CONSTRUCTING A LEGEND SINCE 1919
A Marketable Commodity
Selling Babe Ruth to America
     Babe Ruth's success on the field created success off the field. Fans flocked to see him play and he became a national icon. With his fame, it was only natural that Ruth lend his name to big money advertisers. Business was booming in the 1920s and people had more money to spend than ever. As new products were introduced into the marketplace, what better way to guarantee success than attaching the name and face of a hero to the item?

     Ruth happily accepted many advertising offers. He endorsed everything from cereal to Girl Scout cookies to soap. He had his own line of candy bars and pushed "Babe Ruth" brand All-American, all-cotton underwear though he only wore custom-made silk undershorts. He appeared on advertisements for Old Gold cigarettes despite the fact that never smoked anything but cigars. Eventually, Ruth's endorsements became so plentiful that he had to hire a business manager and an accountant in order to keep track of all the money he was making on the side.

     Advertising kept Ruth on the public's mind almost as much as newspapers did. They may have even been more integral to his heroic image. Take, for instance, ads for Murphy-Rich Co. Soap:

Home Run Soap

This ad emphasize Ruth's prolific home run hitting. They identify the Babe with the home run, as if the two were inseparable. Numerous other ads doing the same and helped solidify the Babe's stature as the great home run hitting of all-time even through his sub-par seasons.

     Many of Ruth's advertisements were directed to children. Ruth's love for children helped him become an idol for youth's everywhere and companies quickly jumped on Ruth's magnetic personality. This Wheaties ad summarizes how the Babe was used to sell products to children:

The breakfast of Champions

The ad preaches that you should eat Wheaties to be like the Babe. What child could argue with that?
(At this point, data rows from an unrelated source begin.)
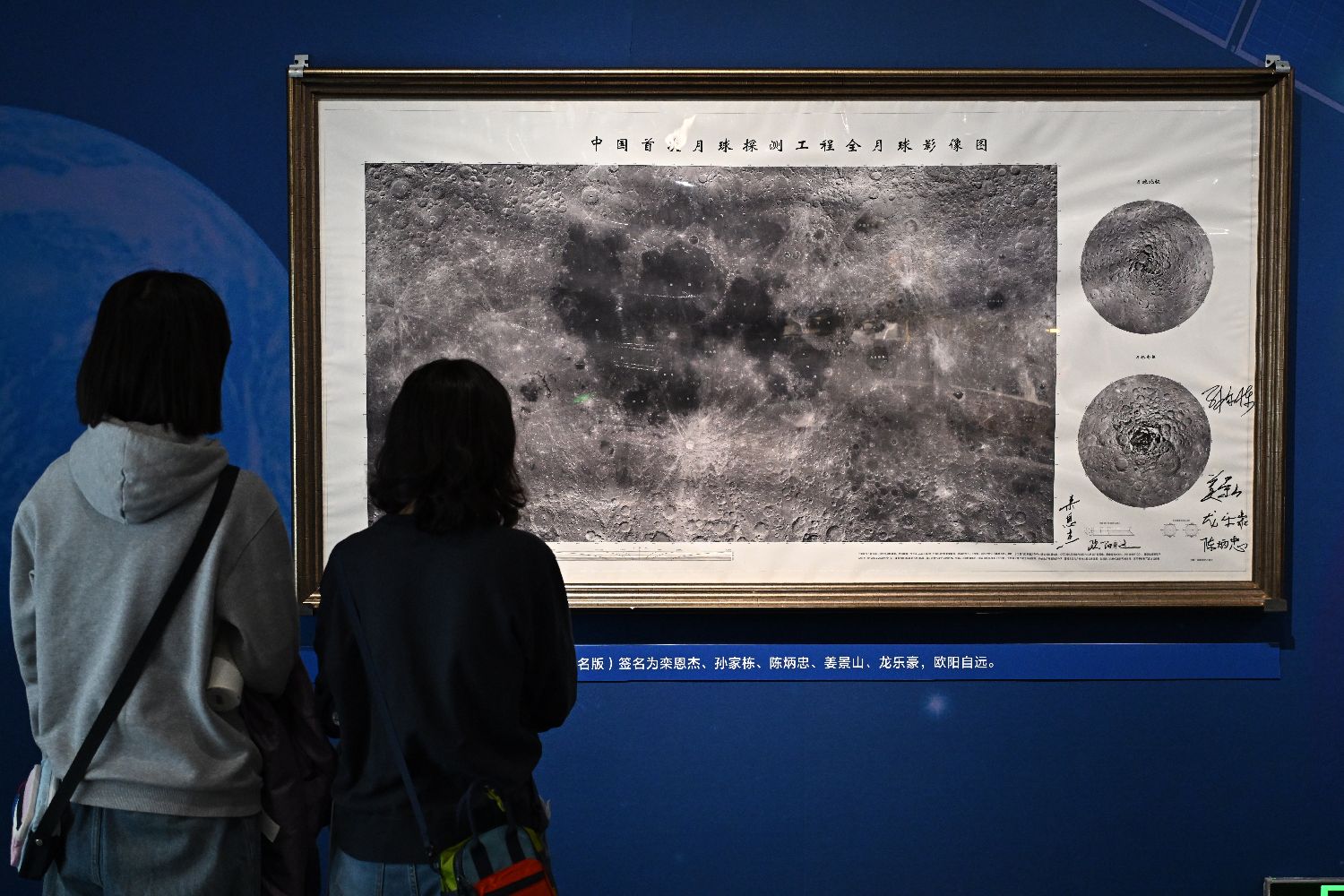 4月1日,参观者在观看展出的中国首次月球探测工程全月球影像图(签名版)。中新社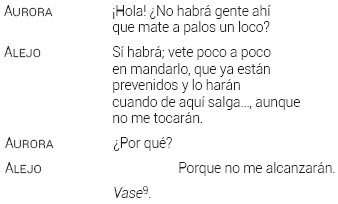 También responde con temor ante la amenaza de castigo Alejo, criado de Rugero en Lances de amor y fortuna. Alejo defiende a su amo y dice la verdad: al contrario de lo que piensa Aurora, no ha sido Lotario sino Rugero quien ha dejado a esta un cofre con joyas mientras dormía. La dama lo llama embustero y grita: «¡Vive Dios / que haga mataros a palos!», a lo que contesta el gracioso que eso no es posible porque, antes que se los den, morirá de miedo8. Más adelante, Aurora pide que golpeen a Alejo y este vuelve a responder con cobardía: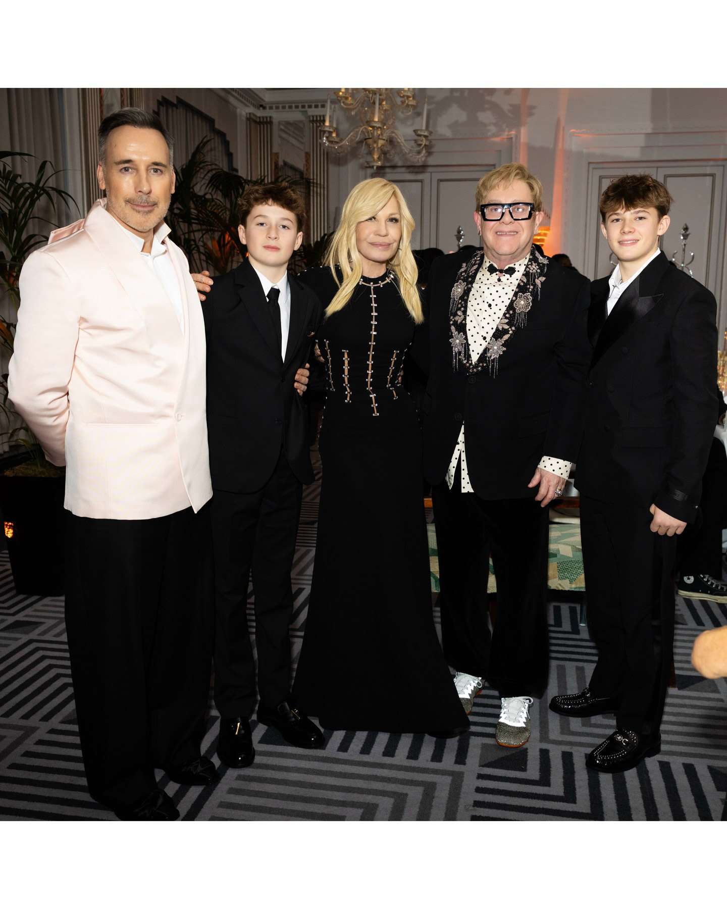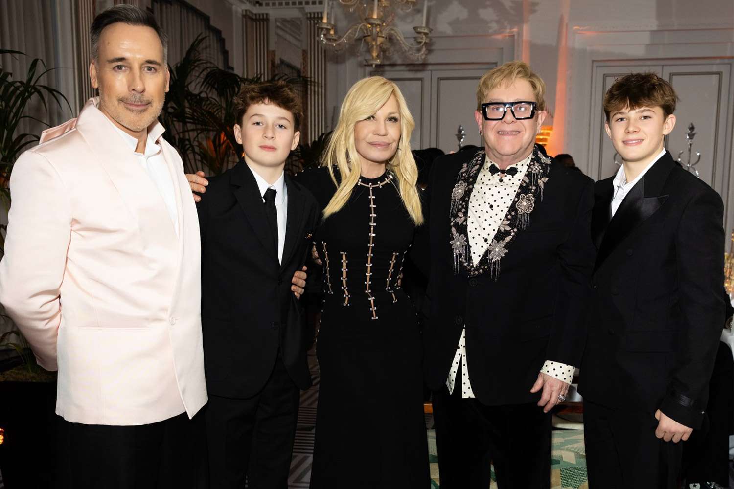 Дэвид Ферниш и Элтон Джон позируют с Донателлой Версаче (в центре) и их сыновьями Закари, 14 лет, и Элайджей, 12 лет.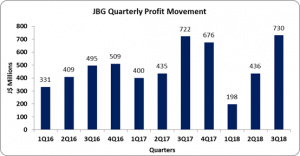 Consequently, Earnings per share for the nine months ended January 31, 2108 amounted to $1.14 (2017: $1.30). The trailing twelve months earnings per share amounted to $1.70. The total number of shares used in the calculations amounted to 1,199,276,400 units. Earnings per share for the quarter amounted $0.61 relative to the $0.60 recorded for same quarter in 2017. Notably, JBG’s stock price closed the trading period on March 8, 2018 at a price of $18.51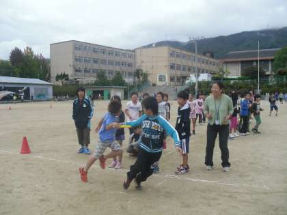 全力で走り切る姿が皆とてもかっこよかったです。後半の追い上げのシーンでは,「おおっ!」と歓声があがりました。リレー大会とても楽しかったです。またしましょうね!!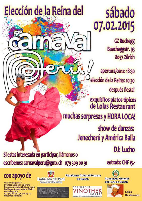 El Comite CARNAVAL PERU los invita a disfrutar de: Platos Tipicos Peruanos con Lola Restaurante, Bebidas Exoticas Danzas Folkloricas con JENECHERU (Bolivia) AMERICA BAILA (Perú) y la buena musica del DJ Lucho. Eleccion de la Reyna del Carnaval que nos representara en el Züri Karneval 2015 y no faltara nuestra HORA LOCA,....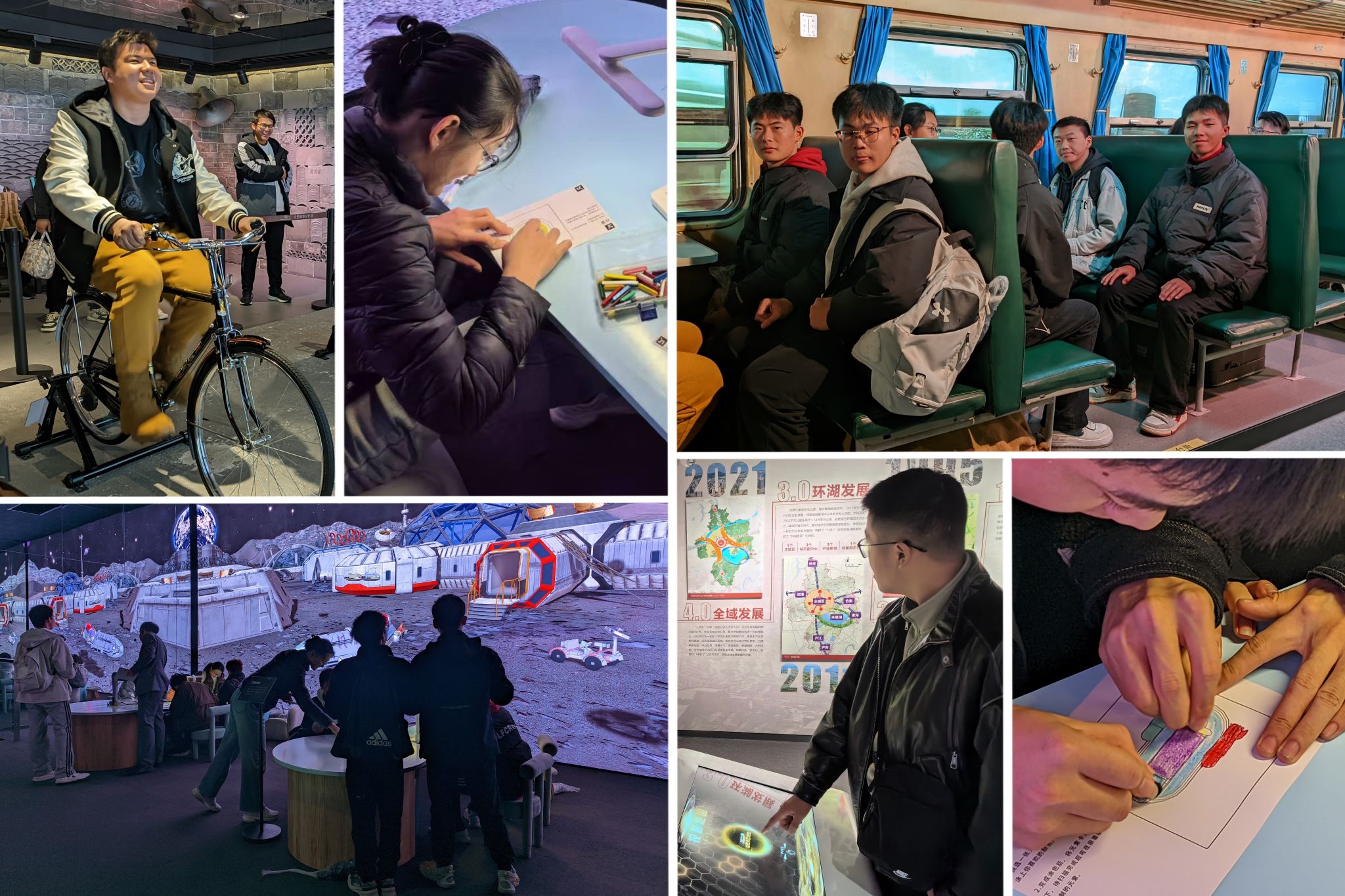 集中学习后,28名营员代表赴合肥城市记忆馆进行参观,既总览了古庐州府的变迁,也领略了如今科技之城的魅力,直观感受到合肥的快速发展。依托场馆内的交互式设施,营员们借助画笔、全息影像和音乐,从绿皮火车到深空探测飞船,从老式公交车到新能源汽车,从传统家电到大科学装置,分组开展了沉浸式体验。

     Perhaps the greatest advantage Ruth's publicity through advertisements had over his publicity in the press is advertising's focus on only his triumphs. He was a champion and the king of the long ball but never the adulterer or the gluttonous eater. Draw ads like the Murphy-Rich Co. soap ad enhanced his physical features to make him look more imposing than ever. He always had a child-like grin on his face. The Babe Ruth of advertising was free from Babe Ruth's real life vices. Constant exposure to this image of Ruth no doubt mitigated the effect the press had when it disclosed Ruth's latest transgressions. Therefore advertising not only publicized the Babe, it helped polish his image.